Washington Post's paywalled article, covered by Cnet, reports that the spyware used in the attacks came from NSO Group, a large surveillance firm based in Israel, which typically grants the use license of the spyware to government agencies for the purpose of tracking criminals and terrorists. 

However, this condition was grossly violated by multiple governments in many countries, where it was illegally used to keep tabs on over 37 innocent civilians. 

The grisly part of the investigation showed that two of those thirty-seven infiltrated devices belonged to two women who were close to Jamal Khashoggi: a Saudi journalist who was brutally murdered in the Saudi embassy in Turkey, and his body dismembered, for falling out of favor with the Saudi royal family.

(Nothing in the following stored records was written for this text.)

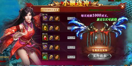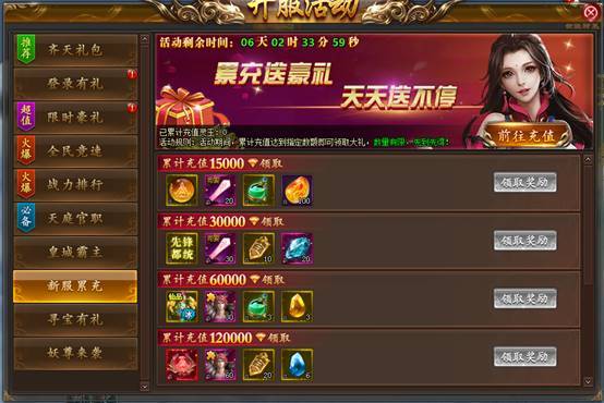 【活动内容】开服第一天开始计算,累计充值达到一定数额将获得对应的豪华大奖!
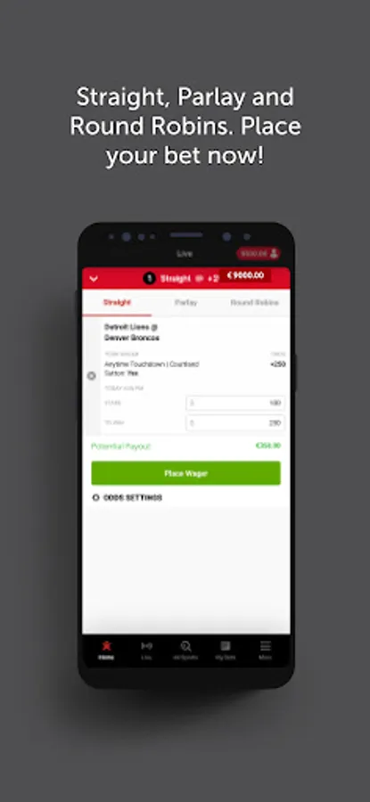 - In-Game wagering- Straight, Parlay and Round Robin wagers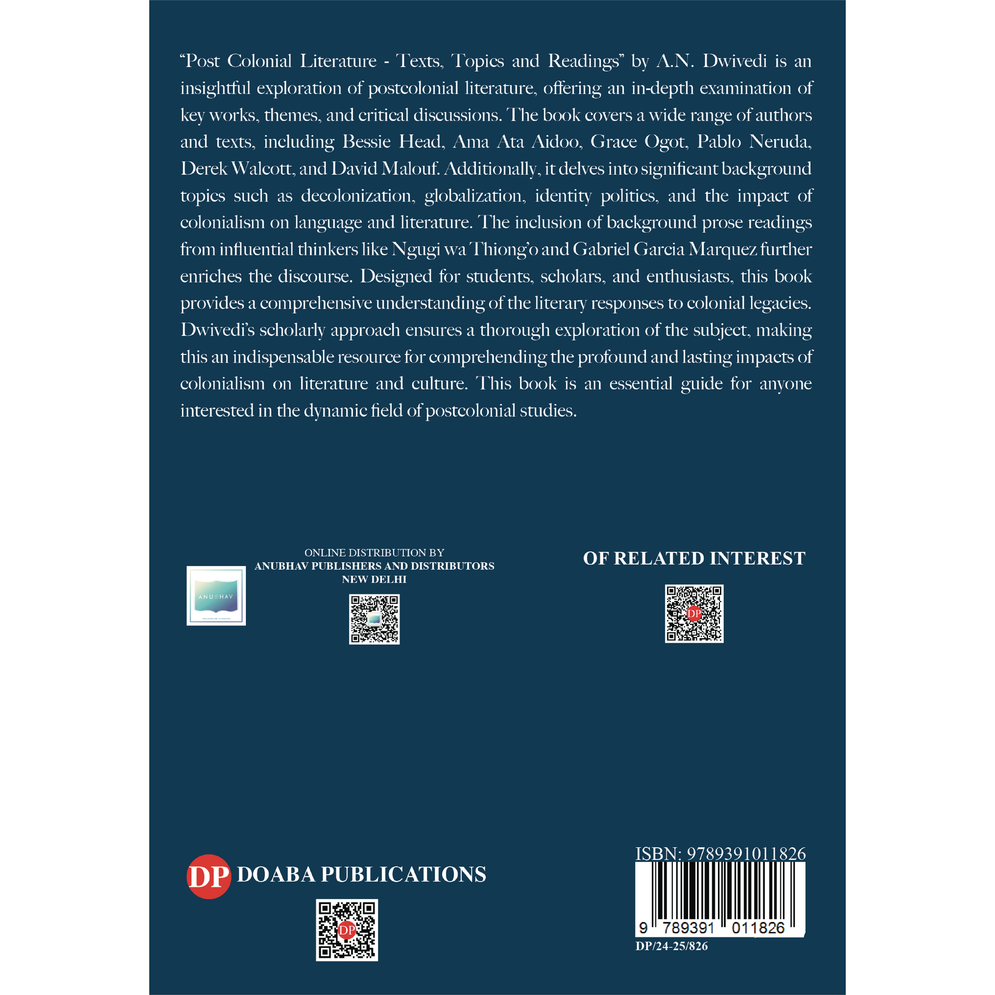 "Post-Colonial Literature: Texts, Topics, and Readings" by A.N. Dwivedi is an insightful exploration of postcolonial literature, offering an in-depth examination of key works, themes, and critical discussions. The book covers a wide range of authors and texts, including Bessie Head, Ama Ata Aidoo, Grace Ogot, Pablo Neruda, Derek Walcott, and David Malouf. Additionally, it delves into significant background topics such as decolonization, globalization, identity politics, and the impact of colonialism on language and literature. The inclusion of background prose readings from influential thinkers like Ngugi wa Thiong'o and Gabriel Garcia Marquez further enriches the discourse. Designed for students, scholars, and enthusiasts, this book provides a comprehensive understanding of the literary responses to colonial legacies. Dwivedi's scholarly approach ensures a thorough exploration of the subject, making this an indispensable resource for comprehending the profound and lasting impacts of colonialism on literature and culture. This book is an essential guide for anyone interested in the dynamic field of postcolonial studies.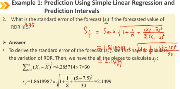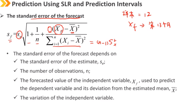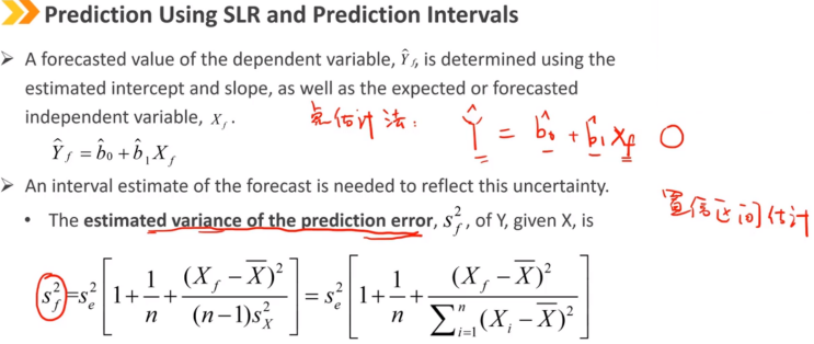 点估计预测和区间估计预测 sf^2:estimated variance of the prediction error(预测误差的估计方差)

One of them was his wife, who was hacked and watched through her phone in the months leading up to Jamal's murder.

The Pegasus Project


The entire investigation was called the Pegasus Project, and spanned multiple countries and thousands of phones in its search of NSO's victims. In fact, Pegasus Project investigators successfully identified over a thousand phones across more than 50 countries in order to narrow down the 37 prime targets.


Not all 37 phones had been successfully penetrated, it seems. While twenty-three had been successfully infected with the NSO spyware, the other 14 devices showed attempts at being hacked which were, however, apparently unsuccessful. 

The entire list of suspected NSO targets, Cnet reports, was composed of 67 people, and among those were both prime ministers and heads of state. 

NSO firmly denied any involvement


When NSO Group heard of the report on its doings, the firm tried to blatantly shut down the accusations. A statement was issued, claiming that:

"The report by Forbidden Stories is full of wrong assumptions and uncorroborated theories that raise serious doubts about the reliability and interests of the sources. It seems like the 'unidentified sources' have supplied information that has no factual basis and are far from reality."

These words mostly fall on deaf ears, however, as NSO Group's reputation precedes its defenses. The surveillance firm has already previously come to the spotlight for hacking Jeff Bezos, Amazon ex-CEO, and has also been sued for its implication in Khashoggi's murder—alongside a plethora of previous lawsuits by journalists and activists over having their phones hacked by them.